For the scientists closest to this work, success or failure won’t be measured only in trial data. It will be measured in people, and one person in particular: Jeff Carroll.
“If we can save Jeff’s brain, then we’ve done our job,” says Wild, who has known Carroll since they were graduate students. “If we can’t, then we probably should have stayed a few more nights late at work.”

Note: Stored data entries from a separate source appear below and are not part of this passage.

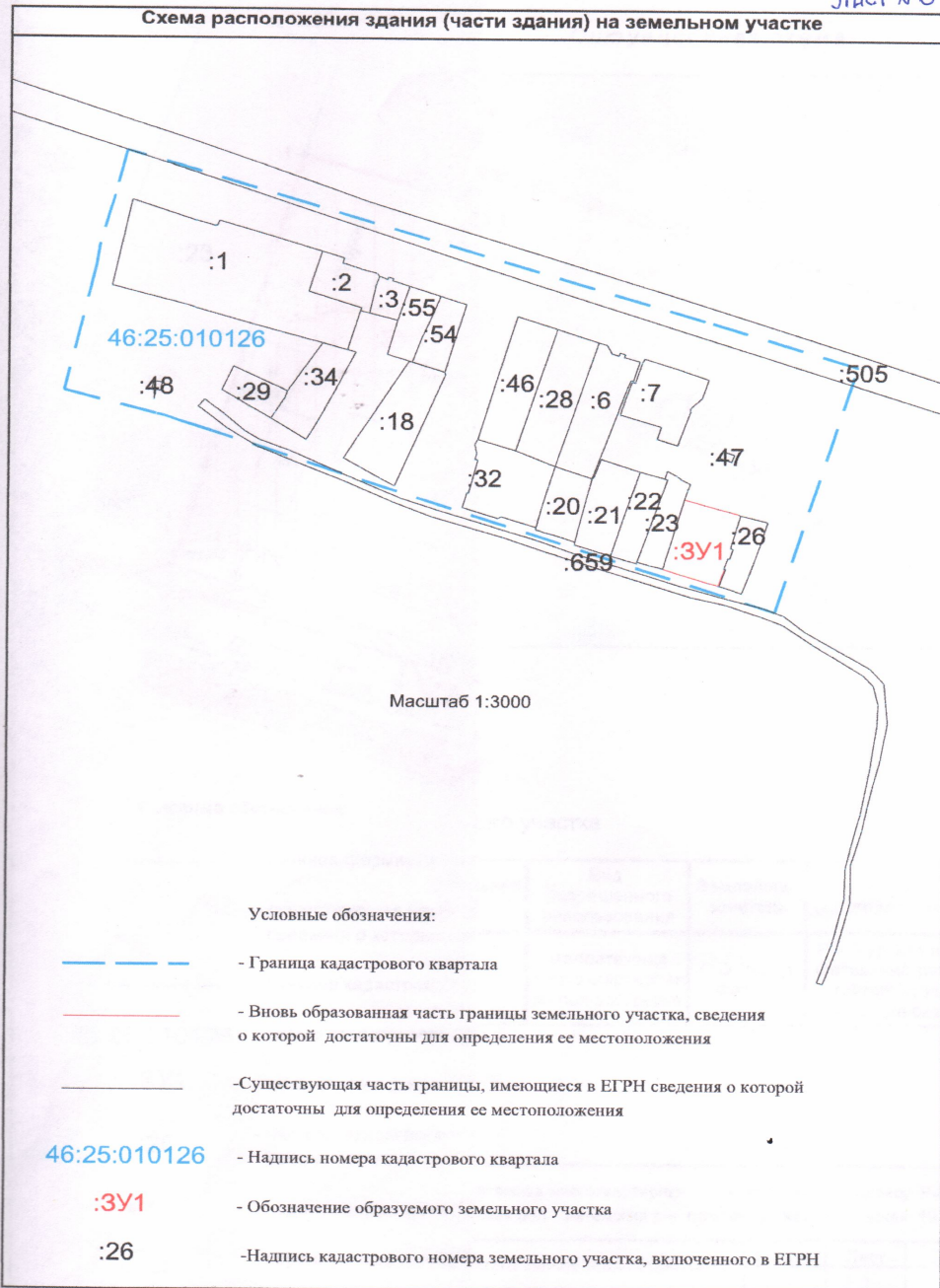
Схема расположения здания (части здания) на земельном участке
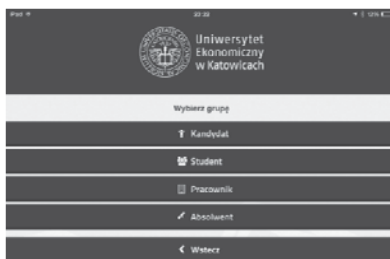
Rys. 5. Mobilna aplikacja myUE – Uniwersytetu Ekonomicznego w Katowicach
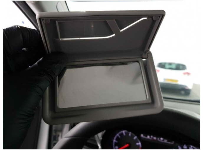
1. lv zonneklep
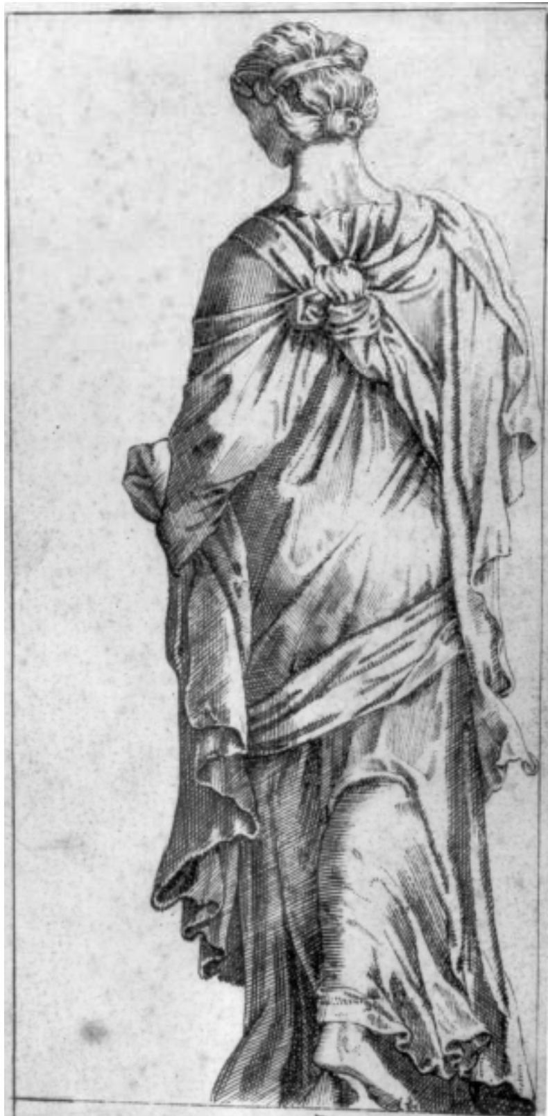
22. Italský kreslář 1. poloviny 16. století, Studie ženské postavy zezadu, kresba perem bistr, NG v Praze.
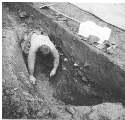
Fig. 6: Udgravning af en større lertagningsgrube.

Hus A har været 7 m bredt og 18 m langt med indgangene helt efter "forskrifterne" anbragt midt for begge langsider. Hus B er lidt mindre med en bredde på 6 m og en længde på 16,5 m. Hvorledes indgangene har været placeret, kan der ikke siges noget om.
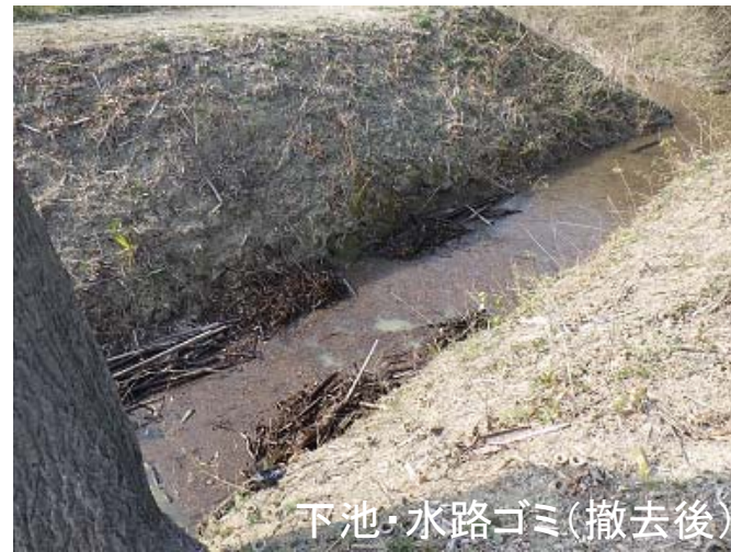
下池・水路ゴミ(撤去後)
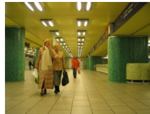
IMG_1834.jpg (354 KB > 3,5 MB, 300 dpi, 10,8 x 8,1 cm)
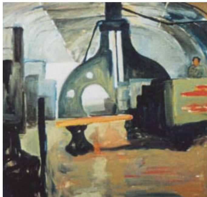
“L’intérieur de la forge” huile sur toile 100x100 cm 1997
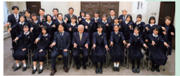
12月22日開催 静岡雙葉高校
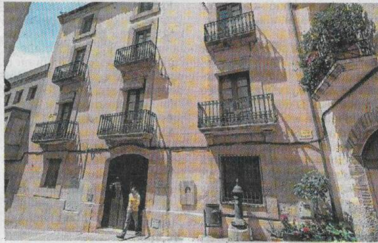
La gestió de l'alberg municipal Ca la Jepa ja s'ha tret a licitació diversos cops els darrers anys.

L'Ajuntament hi està construint un habitatge independent per a la família que se'n faci càrrec. L'escola, però, ara no corre perill
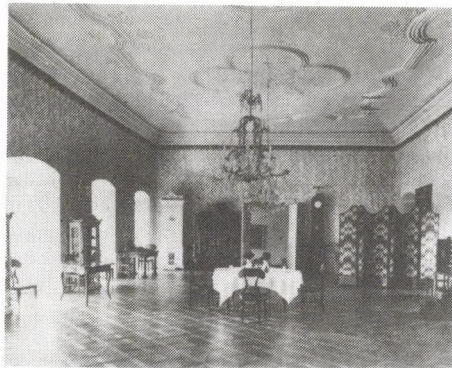
12. Bonchida, Bánffy-kastély, ebédlő OMvH Fényképtára, ltsz.: 138630.
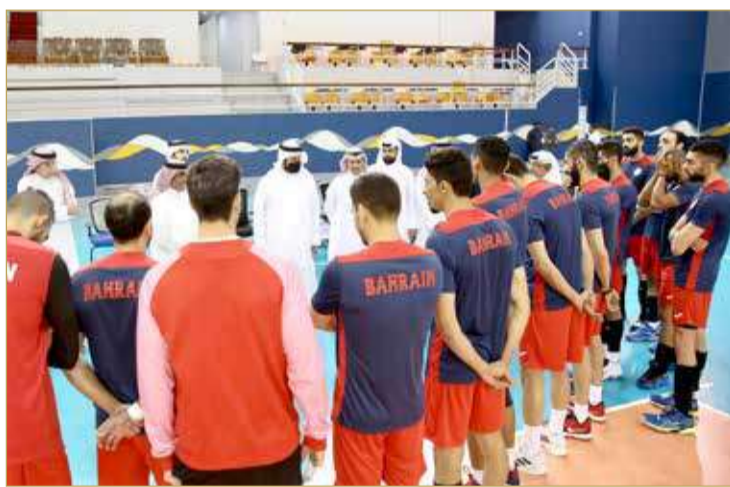
سمو الشيخ عيسى بن علي يلتقي لاعبي الطائرة

الزعبي، ومدير منتخب الصالات راند بابا. وشهد سموه تدريبات منتخب كرة القدم للصالات ونوه بالمكانة المتميزة لمنتخب الرجال والذي حقق العديد من الإنجازات الرائعة كان آخرها التأهل لنهائيات كأس آسيا 2022 لتكون دورة الألعاب الخليجية محطة مهمة للمنافسة والتحضير للاستحقاق الآسيوي القادم، مؤكداً سموه أهمية مضاعفة الجهود وتقديم الصورة المشرفة؛ من أجل المنافسة على اللقب الخليجي في ظل القفزة الكبيرة التي تعيشها اللعبة والرعاية والاهتمام من الاتحاد البحريني لكرة القدم برئاسة الشيخ علي بن خليفة آل خليفة، معرباً عن أمله في أن تتكامل جميع تلك الجهود بتحقيق اللقب الخليجي والظفر بالميدالية الذهبية.
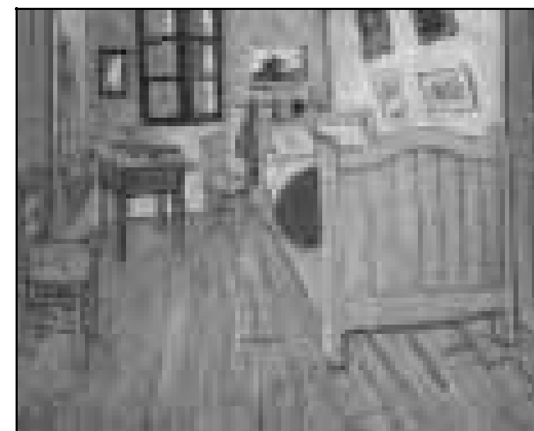
Figura III – Van Gogh. O quarto do artista em Arles , 1889. 57,5 x 75 cm. Óleo sobre tela. Museu d'Orsay, Paris.
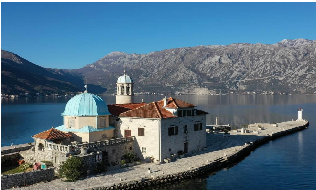
Slika 4. Čuvareva kuća i terasa s kamenom balustradom

U čuvarevoj kući čuvao se naslon za krmu stare Gospine općinske lađe koja je služila za prijenos Gospine slike za vrijeme ceremonije. Kрма je ukrašena drvorezom i na njoj je općinski grb na zlatnom polju, a pored njega krunjena žena s Marijinim monogramom 26
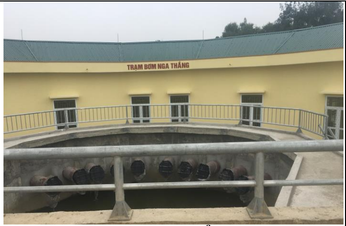
Chính diện bể xả

+ Thiết bị: Tủ điện tổng, tủ bán tự động và tận dụng cũ, dây cáp thay mới.
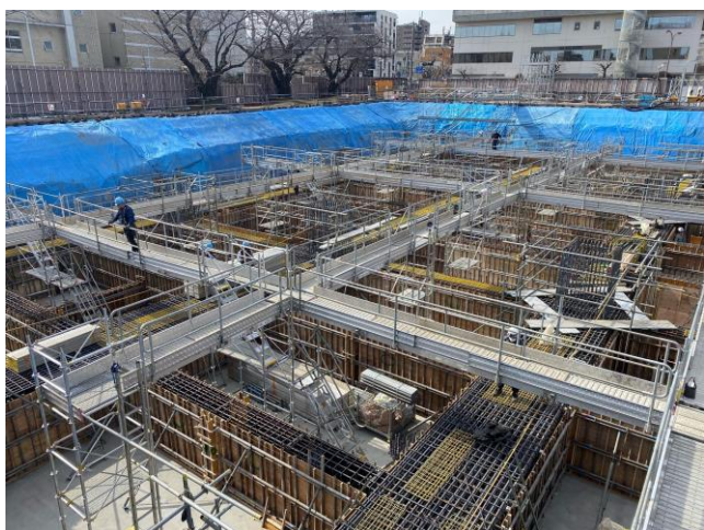
基礎梁配筋・型枠設置 (2/7)
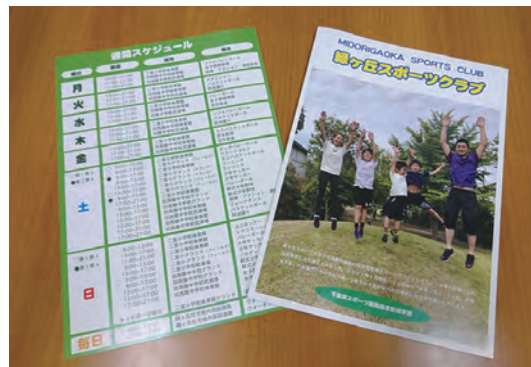
▲市内公共施設で入手できます

年齢や運動量に合わせてさまざまなスポーツや文化活動に参加できますので、興味のある方はぜひお問い合わせください。
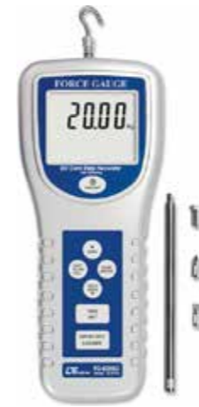
FORCE GAUGE , 20 kg Model: FG - 6020SD
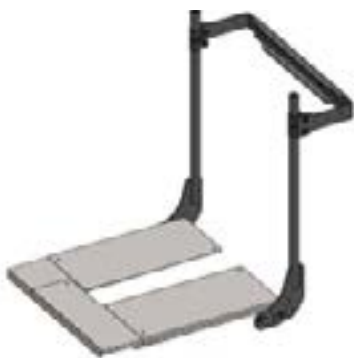
Système d'assise REHAB, cadre de dossier Rehab

Carroll himself holds a clear-eyed view. He still has research to do and a life to live. Despite his symptoms, he is producing some of the strongest science of his career, colleagues say. In the last year, his lab reported that one type of huntingtin-depletion therapy can also curb the expansion of repeats, a finding that knits together the field’s two leading bets.
He is also a father to twin 20-year-olds — both conceived via IVF and with genetic screening to spare them the Huntington’s mutation — and he helps shoulder the care of his siblings who also inherited it. “It’s very clear that Jeff’s reserves are far from empty,” Wild says.
But they are steadily depleting. Inside Carroll’s brain, the mutant DNA continues lengthening. The slow neurological countdown set in motion by his genetic inheritance is advancing, even as the science is trying to stop it. Through it all, he keeps moving forward — for himself, for his family and for the tens of thousands of others living with the same diagnosis.
“We have to hurry,” Carroll says. “We have to keep pushing.”